Stored records:
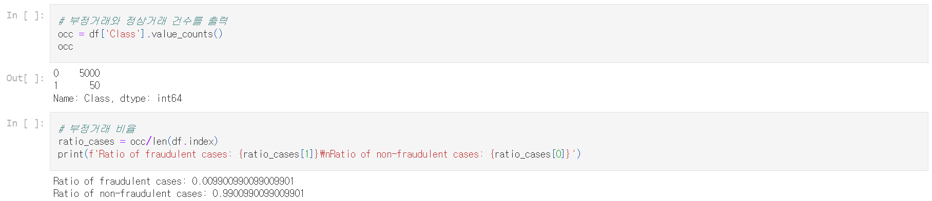 - .value_counts()를 사용하여 'Class' 열에서 부정거래와 정상거래의 수를 가져와 결과를 occ에 할당한다.
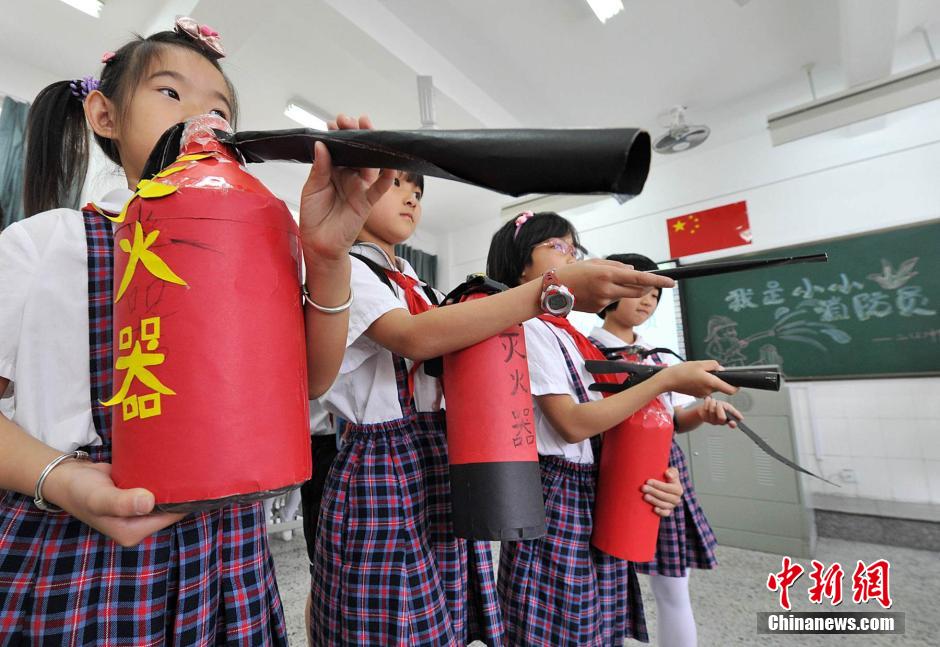 5月26日,福州市“零犯罪学校”创建活动现场会在福州仓山区第五中心小学举行。学校通过法制教育主题队会、班会的形式,开展普法知识竞赛、趣味游戏、安全知识培训等一系列活动,让同学们零距离接触法律、远离伤害、远离犯罪,在青少年当中树立良好的法制观念。图为小学生学习使用灭火器。张斌 摄
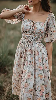 Wearing this gorgeous outfit, you’re not just dressed; you’re essentially bringing your own portable garden wherever you go. Who needs boring plain clothes when you can be a blossoming vision, turning a regular street into your personal runway? It’s the kind of dress that probably whispers secrets of sunny days and cool breezes, making you feel effortlessly chic whether you’re grabbing an iced coffee or secretly planning world domination. Plus, it’s long enough to hide that embarrassing spill from earlier – total win!
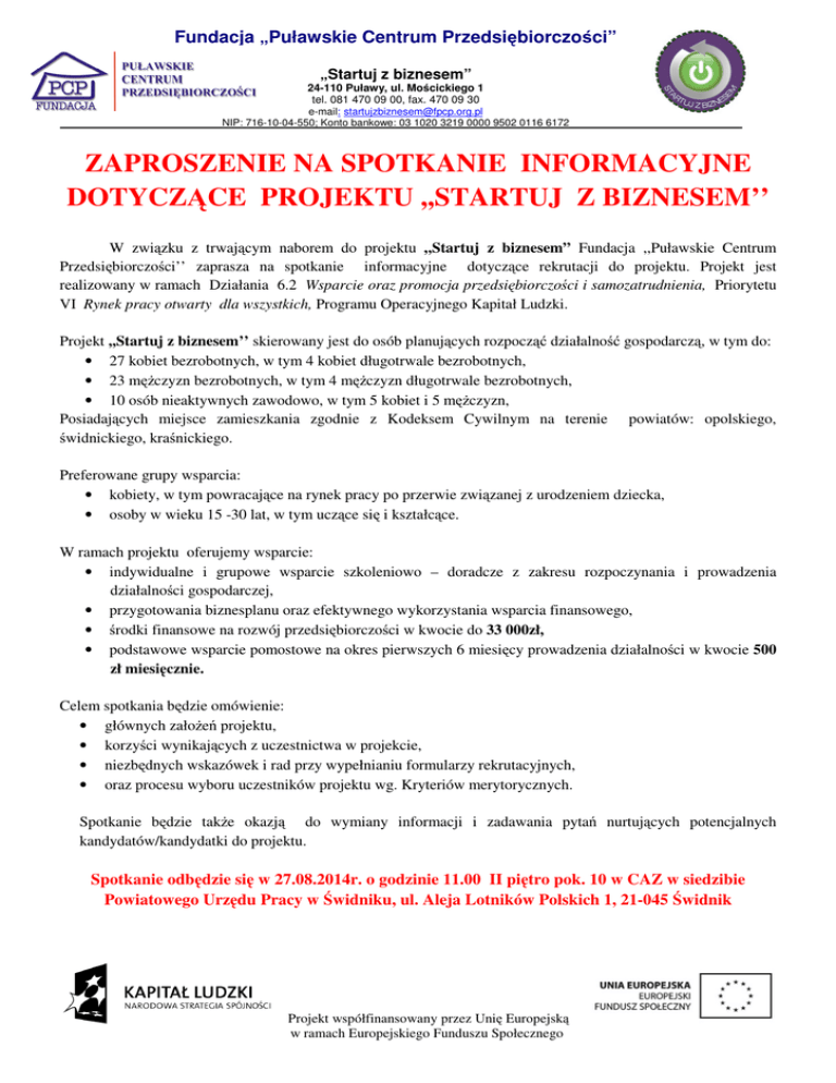 Fundacja „Puławskie Centrum Przedsiębiorczości” „Startuj z biznesem” 24-110 Puławy, ul. Mościckiego 1 tel. 081 470 09 00, fax. 470 09 30 e-mail: [email protected] NIP: 716-10-04-550; Konto bankowe: 03 1020 3219 0000 9502 0116 6172 ZAPROSZENIE NA SPOTKANIE INFORMACYJNE DOTYCZĄCE PROJEKTU ,,STARTUJ Z BIZNESEM’’ W związku z trwającym naborem do projektu „Startuj z biznesem” Fundacja ,,Puławskie Centrum Przedsiębiorczości’’ zaprasza na spotkanie informacyjne dotyczące rekrutacji do projektu. Projekt jest realizowany w ramach Działania 6.2 Wsparcie oraz promocja przedsiębiorczości i samozatrudnienia, Priorytetu VI Rynek pracy otwarty dla wszystkich, Programu Operacyjnego Kapitał Ludzki. Projekt ,,Startuj z biznesem’’ skierowany jest do osób planujących rozpocząć działalność gospodarczą, w tym do: • 27 kobiet bezrobotnych, w tym 4 kobiet długotrwale bezrobotnych, • 23 mężczyzn bezrobotnych, w tym 4 mężczyzn długotrwale bezrobotnych, • 10 osób nieaktywnych zawodowo, w tym 5 kobiet i 5 mężczyzn, Posiadających miejsce zamieszkania zgodnie z Kodeksem Cywilnym na terenie powiatów: opolskiego, świdnickiego, kraśnickiego. Preferowane grupy wsparcia: • kobiety, w tym powracające na rynek pracy po przerwie związanej z urodzeniem dziecka, • osoby w wieku 15 -30 lat, w tym uczące się i kształcące. W ramach projektu oferujemy wsparcie: • indywidualne i grupowe wsparcie szkoleniowo – doradcze z zakresu rozpoczynania i prowadzenia działalności gospodarczej, • przygotowania biznesplanu oraz efektywnego wykorzystania wsparcia finansowego, • środki finansowe na rozwój przedsiębiorczości w kwocie do 33 000zł, • podstawowe wsparcie pomostowe na okres pierwszych 6 miesięcy prowadzenia działalności w kwocie 500 zł miesięcznie. Celem spotkania będzie omówienie: • głównych założeń projektu, • korzyści wynikających z uczestnictwa w projekcie, • niezbędnych wskazówek i rad przy wypełnianiu formularzy rekrutacyjnych, • oraz procesu wyboru uczestników projektu wg. Kryteriów merytorycznych. Spotkanie będzie także okazją do wymiany informacji i zadawania pytań nurtujących potencjalnych kandydatów/kandydatki do projektu. Spotkanie odbędzie się w 27.08.2014r. o godzinie 11.00 II piętro pok. 10 w CAZ w siedzibie Powiatowego Urzędu Pracy w Świdniku, ul. Aleja Lotników Polskich 1, 21-045 Świdnik Projekt współfinansowany przez Unię Europejską w ramach Europejskiego Funduszu Społecznego
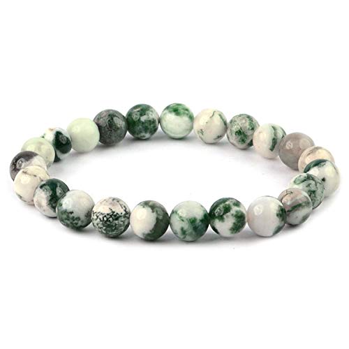 AAA Tree Agate Bracelet Natural Crystal Stone 8 mm Beads Bracelet Round Shape for Reiki Healing and Crystal Healing Stone (Color : Multi)
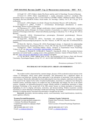 3. Белинская Е.П. Неопределенность как категория современной социальной психологии личности / Е.П. Белинская // Психологические исследования. - 2014. - Т. 7, № 36. - С. 3. EDN: THSVPT
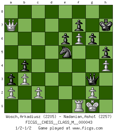 Last move : 1/2-1/2 2011 August 20 13:7:7 [Event "FICGS__CHESS__CLASS_M__000043"] [Site "FICGS"] [Date "2011.01.13"] [Round "1"] [White "Wosch,Arkadiusz"] [Black "Nadanian,Ashot"] [Result "1/2-1/2"] [WhiteElo "2205"] [BlackElo "2257"] 1.e4 c5 2.Nf3 Nc6 3.d4 cxd4 4.Nxd4 Qb6 5.Nb3 Nf6 6.Nc3 e6 7.Bd3 Be7 8.O-O a6 9.Be3 Qc7 10.f4 d6 11.Qf3 O-O 12.Rae1 b5 13.e5 dxe5 14.fxe5 Nd7 15.Bf4 Bb7 16.Qg3 g6 17.Be4 b4 18.Nd1 a5 19.Ne3 a4 20.Nd2 a3 21.b3 Ba6 22.Rf2 Rad8 23.Ng4 Nd4 24.Nf6+ Nxf6 25.exf6 Bd6 26.Qg5 Kh8 27.Bxd6 Qxd6 28.Qh6 Rg8 29.Re3 Qf8 30.Qg5 Rc8 31.Bd3 Bxd3 32.Rxd3 Rc5 33.Qh4 Nc6 34.Ne4 Rh5 35.Qg3 Ne5 36.Rd4 Qb8 37.h3 h6 38.Qe3 Rd8 39.Rxd8+ Qxd8 40.Ng3 Rg5 41.Rf1 Kh7 42.h4 Rxg3 43.Qxg3 Qd4+ 44.Qf2 Qc3 45.Kh1 h5 46.Qa7 Qg3 47.Kg1 1/2-1/2 Sicilian defense Kingside Castling by player White (move 8) Kingside Castling by player Black (move 11) This chess game ended in a draw. Follow this game move after move (download)The sign of a great Master is his ability to win a won game quickly and painlessly. (Irving Chernev) Ein Schachgenie ist jemand der verdammt gut Schach spielt. (Jonathan Levitt) En el Ajedrez, tal como es jugado por los Maestros, practicamente la suerte es eliminada. (Emanuel Lasker) À la honte des hommes, on sait que les lois du jeu sont les seules qui soient partout justes, claires, inviolables et exécutées. Pourquoi l'Indien qui a donné les règles du jeu d'échecs est-il obéi de bon gré dans toute la terre, et que les décrétales des papes, par exemple, sont aujourd'hui un objet d'horreur et de mépris ? C'est que l'inventeur des échecs combina tout avec justesse pour la satisfaction des joueurs, et que les papes, dans leurs décrétales, n'eurent en vue que leur seul avantage. L'Indien voulut exercer également l'esprit des hommes et leur donner du plaisir; les papes ont voulu abrutir l'esprit des hommes. Voltaire (Dictionnaire philosophique / Garnier 1967) The age of a woman doesn't mean a thing. The best tunes are played on the oldest fiddles. (Ralph Waldo Emerson)

**Your goal**
Leaving out the pictures, print each line of the records above from the first up to and including the one that contains "Wearing this gorgeous", exactly as written.

**Your response**
 - .value_counts()를 사용하여 'Class' 열에서 부정거래와 정상거래의 수를 가져와 결과를 occ에 할당한다.
 5月26日,福州市“零犯罪学校”创建活动现场会在福州仓山区第五中心小学举行。学校通过法制教育主题队会、班会的形式,开展普法知识竞赛、趣味游戏、安全知识培训等一系列活动,让同学们零距离接触法律、远离伤害、远离犯罪,在青少年当中树立良好的法制观念。图为小学生学习使用灭火器。张斌 摄
 Wearing this gorgeous outfit, you’re not just dressed; you’re essentially bringing your own portable garden wherever you go. Who needs boring plain clothes when you can be a blossoming vision, turning a regular street into your personal runway? It’s the kind of dress that probably whispers secrets of sunny days and cool breezes, making you feel effortlessly chic whether you’re grabbing an iced coffee or secretly planning world domination. Plus, it’s long enough to hide that embarrassing spill from earlier – total win!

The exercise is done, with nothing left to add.